Files already downloaded and verified
Files already downloaded and verified


In [3]:
# image
print(f"image shape: {trainset[0][0].size()}") # (채널수, width, height)

# label
print(f"label: {trainset[0][1]}")

image shape: torch.Size([3, 16, 16])
label: 6


In [4]:
# DataLoader
trainloader = DataLoader(trainset, batch_size=50, shuffle=True)
testloader = DataLoader(testset, batch_size=50, shuffle=False)

print(f"length of trainloader: {len(trainloader)}\n")

images, labels = next(iter(trainloader))
print(f"image.size: {images.size()}")  # (배치 사이즈, 채널수, width, height)

length of trainloader: 1000

image.size: torch.Size([50, 3, 16, 16])


## 2.같은 클래스 별로 폴더를 정리한 경우

In [5]:
from google.colab import drive
drive.mount('/content/dirve')

Drive already mounted at /content/dirve; to attempt to forcibly remount, call drive.mount("/content/dirve", force_remount=True).


In [6]:
cd/content/dirve/MyDrive/github/딥러닝/Pytorch/Usage

/content/dirve/MyDrive/github/딥러닝/Pytorch/Usage


In [7]:
transfer = tr.Compose([
                       tr.Resize(16),
                       tr.ToTensor()
])
trainset = torchvision.datasets.ImageFolder(root='./class', transform=transf)
trainloader = DataLoader(trainset, batch_size=1, shuffle=False)

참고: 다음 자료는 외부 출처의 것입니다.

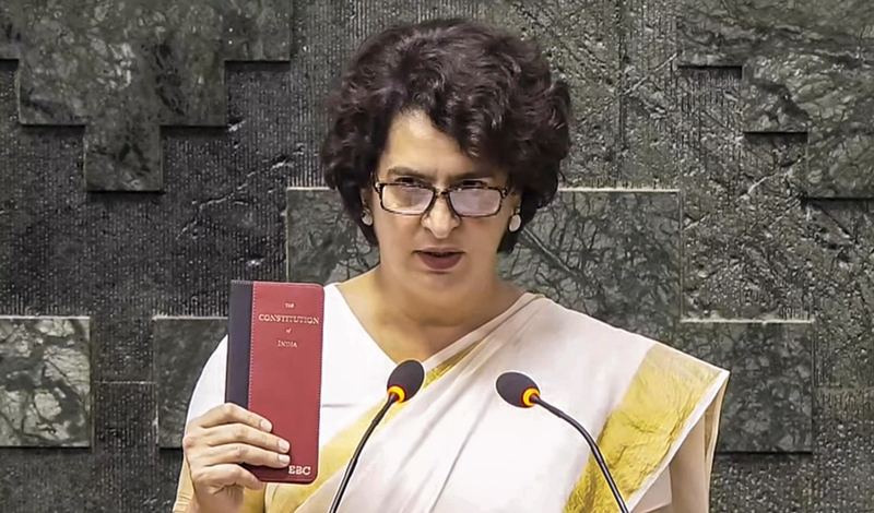 The 52-year-old, who joins her mother Sonia and brother Rahul as an MP in what is a rare instance of three members of a family together in Parliament, took affirmation in Hindi while holding a copy of the Constitution soon after the House met.

images, labels = next(iter(trainloader))
print(f"image.size:{images.size()}")

image.size:torch.Size([1, 3, 16, 16])


## 3.정형화 되지 않은 커스텀 데이터 불러오기

In [8]:
train_images = np.random.randint(0, 256, (100, 32, 32, 3))
train_labels = np.random.randint(0, 2, (100, 1))

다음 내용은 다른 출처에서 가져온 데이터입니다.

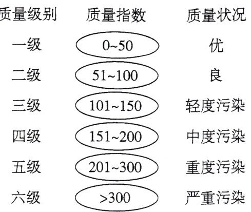 材料一 下图为太原市某年 11 月 10 日天气预报图和空气质量级别、质量指数与质量状况关系图。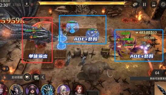 红色地面位部署单体英雄输出伤害。基本操作思路就是放置1名AOE英雄清怪,红色区域部署高爆发英雄打伤害。BOSS会周期性群攻,3个位置都要部署奶妈提供续航(任意奶妈均可)。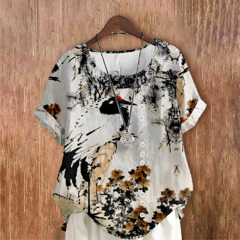 Dashingsoul Women's Abstract Ink Painting Cat Floral Art Print Blouse

class TensorData(Dataset):
    def __init__(self, x_data, y_data):
        self.x_data = torch.FloatTensor(x_data) # 이미지 데이터를 FloatTensor로 변형
        self.x_data = self.x_data.permute(0, 3, 1, 2) # (이미지수, width, height, 채널수) -> (이미지수, 채널수, width, height)
        self.y_data = torch.LongTensor(y_data) # y_data를 LongTensor로 변형
        self.len = self.y_data.shape[0] # 데이터 개수

    def __getitem__(self, index):
        return self.x_data[index], self.y_data[index] # 뽑아낼 데이터

    def __len__(self):
        return self.len

train_data = TensorData(train_images, train_labels)
train_loader = DataLoader(train_data, batch_size=10, shuffle=True)

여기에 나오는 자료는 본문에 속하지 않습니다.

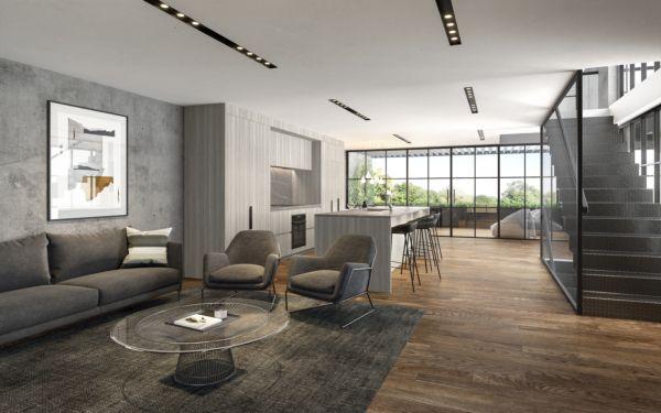 A selection of 3 and 4 bedroom lofts offering privacy yet maximising the use of outdoor space for entertaining with louvred canopies and balcony gardens. Carefully crafted industrial-style kitchen, full-height steel windows and open plan living.

images, labels = next(iter(train_loader))
print(f"image.size: {images.size()}")

image.size: torch.Size([10, 3, 32, 32])


## 4.커스텀 데이터

In [9]:
# 데이터 생성
train_images = np.random.randint(256,size=(100,32,32,3)) # (이미지 수)x(너비)x(높이)x(채널 수)
train_labels = np.random.randint(2,size=(100,1)) # 라벨 수

In [10]:
class MyDataset(Dataset):
    
    def __init__(self, x_data, y_data, transform=None):
        
        self.x_data = x_data 
        self.y_data = y_data
        self.transform = transform
        self.len = len(y_data)
    
    def __getitem__(self, index):
        sample = self.x_data[index], self.y_data[index]
        
        if self.transform:
            sample = self.transform(sample) #self.transform이 None이 아니면 전처리
        
        return sample
    
    def __len__(self):
        return self.len


## 4-1.커스텀 전처리

In [11]:
# 텐서 변환
class ToTensor():
    def __call__(self, sample):
        inputs, labels = sample
        inputs = torch.FloatTensor(inputs)
        inputs = inputs.permute(2, 0, 1) # call함수에 데이터가 하나씩 들어온다
        labels = torch.LongTensor(labels)
        return inputs, labels

# 선형식
class LinearTensor():

    def __init__(self, slope=1, bias=0):
        self.slope = slope
        self.bias = bias

    def __call__(self, sample):
        inputs, labels = sample
        inputs = self.slope*inputs + self.bias # ax + b
        return inputs, labels

In [12]:
trans = tr.Compose([
                    ToTensor(),
                    LinearTensor(2, 5)
])
dataset1 = MyDataset(train_images, train_labels, transform=trans)
train_loader1 = DataLoader(dataset1, batch_size=12, shuffle=True)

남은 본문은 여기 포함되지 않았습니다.